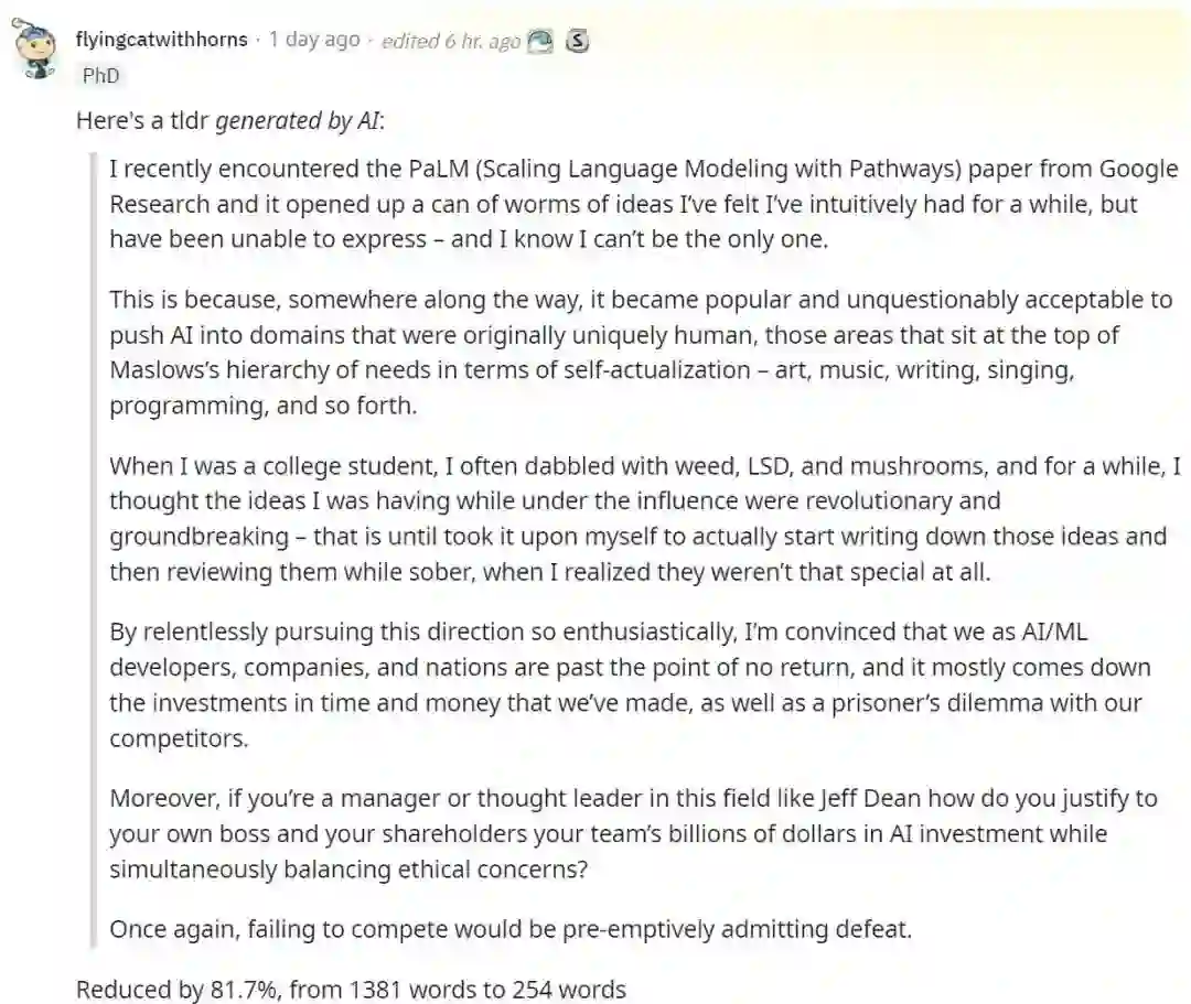 对于人工智能抹杀人类创造能力的担忧或许有其道理。不过现代社会,说的太多就意味着没人愿意看,于是热心网友用 AI 的文本总结功能对这段话进行了摘要。
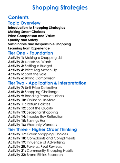 Shopping Strategies Worksheet Activity Booklet
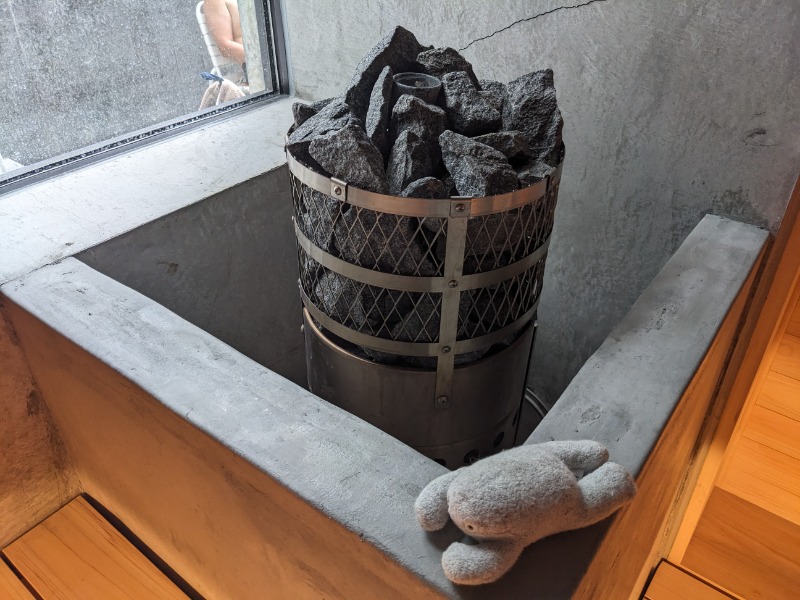 先客が出たのを見計らってロウリュ実行、ストーブ中央にお猪口くらいの受けがあって、ロウリュしなくてもここで加湿されてるのかなぁ?石にアロマ水をかけるとコンパクトな室内なのもあってすぐに蒸気が降りてきてアッチアチからの汗びっしょり!
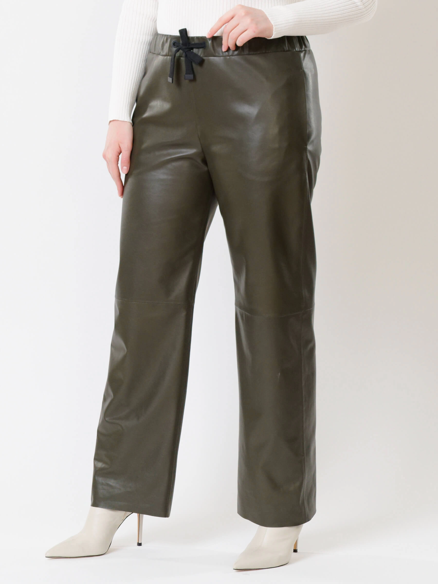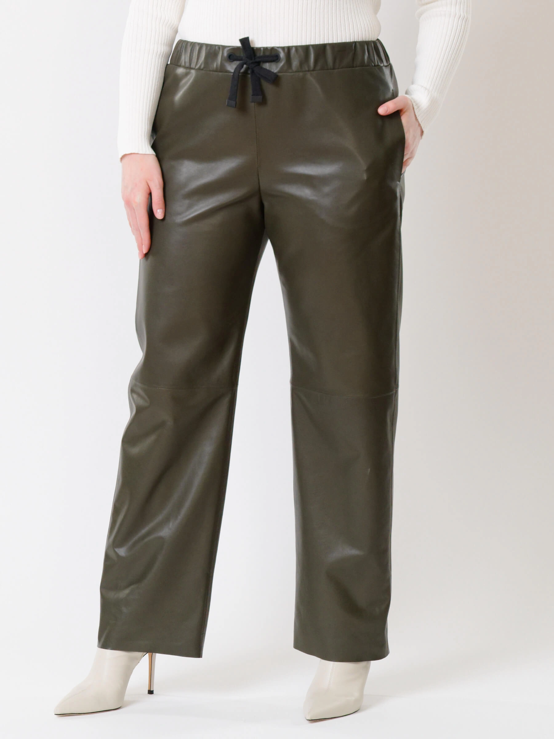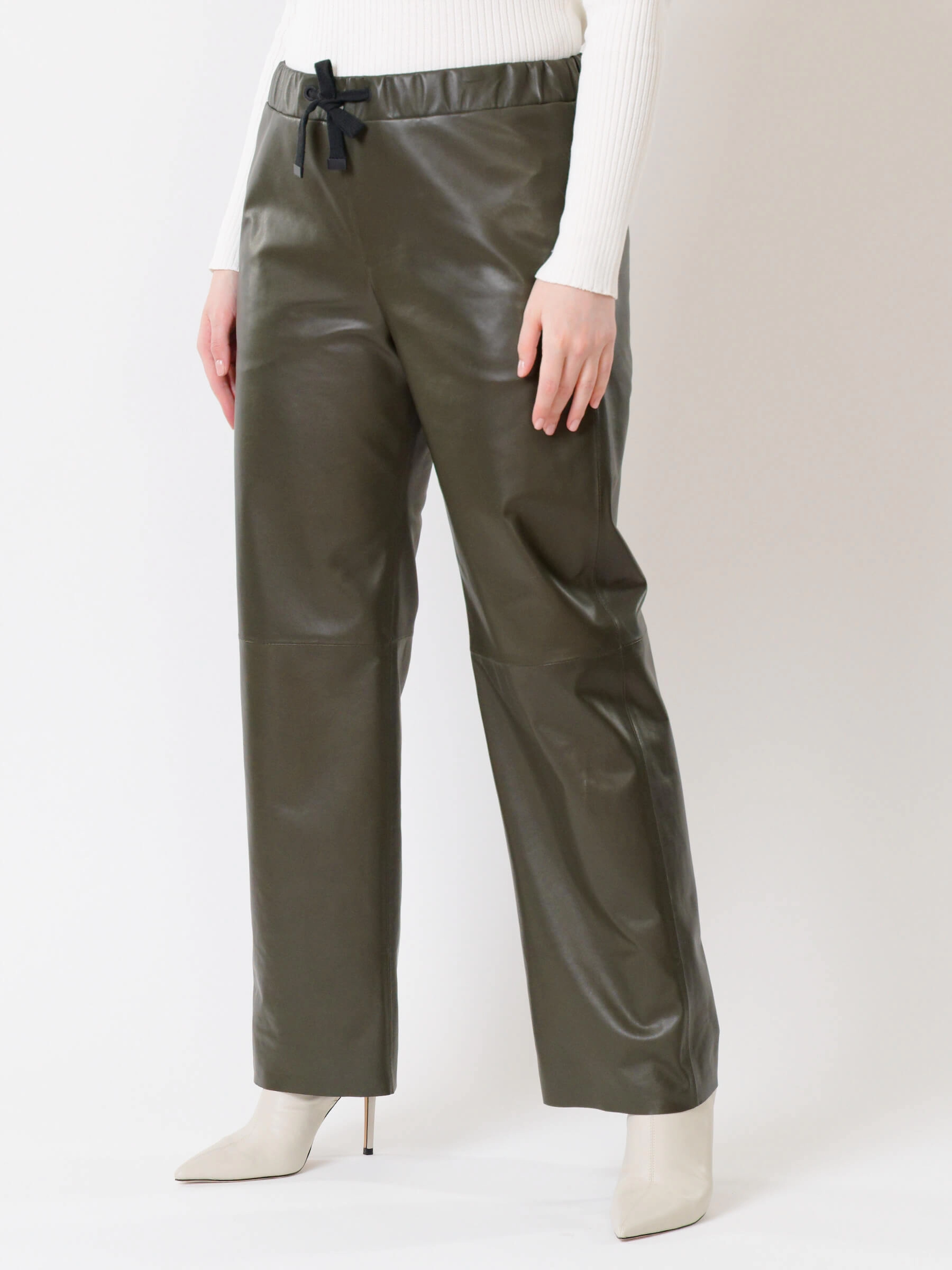 Широкие брюки из натуральной кожи оливкового цвета на эластичной кулиске. Свободный силуэт длиной 103 см обеспечивает непринужденную роскошь и максимальный комфорт. Сочетайте с объемным худи и кроссовками для уличного образа или с каблуками и шелковым топом — для дерзкого контраста.
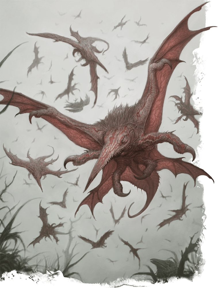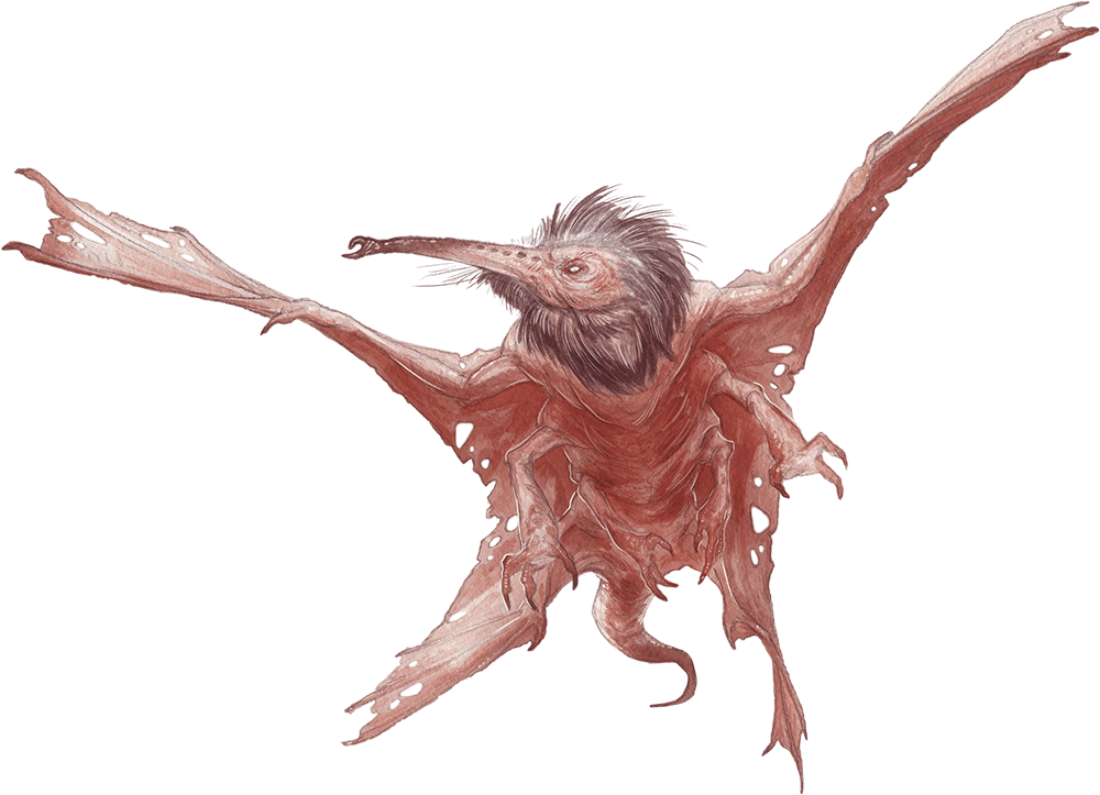 Are there other uses for Stirges, though, beyond just being a jump-scare when your players enter a dimly-lit space? In the Shadowfell, a morbid shade whispers that messages can be sent on the wings of blood-drinkers, their thirst guiding them home like vampiric carrier pigeons. Or a wizard who has a Stirge familiar – probably because he messed up the spell and that’s what he’s stuck with. They can serve as grotesque decoration in the dripping, cavernous halls of an Underdark monarch who is fascinated by the beauty of these pale, hairless parasites.
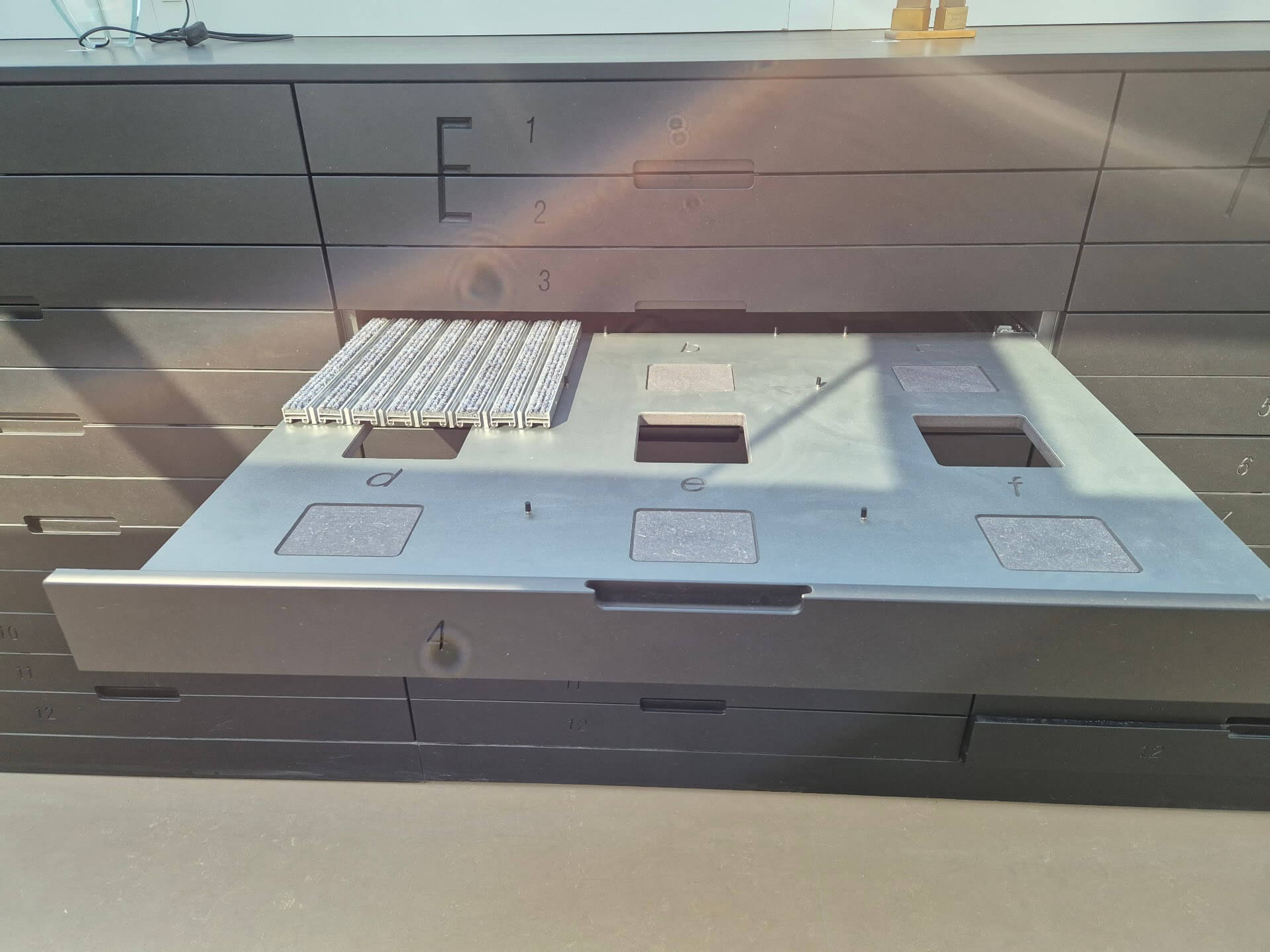 Echantillion physique : oui Emplacement meuble E , tiroir 3 , place C Choix couleur : non Format maximum: 6000 mm x 3000 mm
-- -- --
- **EXERCISE OBJECTIVE**
Could you reproduce the listing above word for word while leaving out its pictures?

- **FINISHED TASK**
 对于人工智能抹杀人类创造能力的担忧或许有其道理。不过现代社会,说的太多就意味着没人愿意看,于是热心网友用 AI 的文本总结功能对这段话进行了摘要。
 Shopping Strategies Worksheet Activity Booklet
 先客が出たのを見計らってロウリュ実行、ストーブ中央にお猪口くらいの受けがあって、ロウリュしなくてもここで加湿されてるのかなぁ?石にアロマ水をかけるとコンパクトな室内なのもあってすぐに蒸気が降りてきてアッチアチからの汗びっしょり!
 Широкие брюки из натуральной кожи оливкового цвета на эластичной кулиске. Свободный силуэт длиной 103 см обеспечивает непринужденную роскошь и максимальный комфорт. Сочетайте с объемным худи и кроссовками для уличного образа или с каблуками и шелковым топом — для дерзкого контраста.
 Are there other uses for Stirges, though, beyond just being a jump-scare when your players enter a dimly-lit space? In the Shadowfell, a morbid shade whispers that messages can be sent on the wings of blood-drinkers, their thirst guiding them home like vampiric carrier pigeons. Or a wizard who has a Stirge familiar – probably because he messed up the spell and that’s what he’s stuck with. They can serve as grotesque decoration in the dripping, cavernous halls of an Underdark monarch who is fascinated by the beauty of these pale, hairless parasites.
 Echantillion physique : oui Emplacement meuble E , tiroir 3 , place C Choix couleur : non Format maximum: 6000 mm x 3000 mm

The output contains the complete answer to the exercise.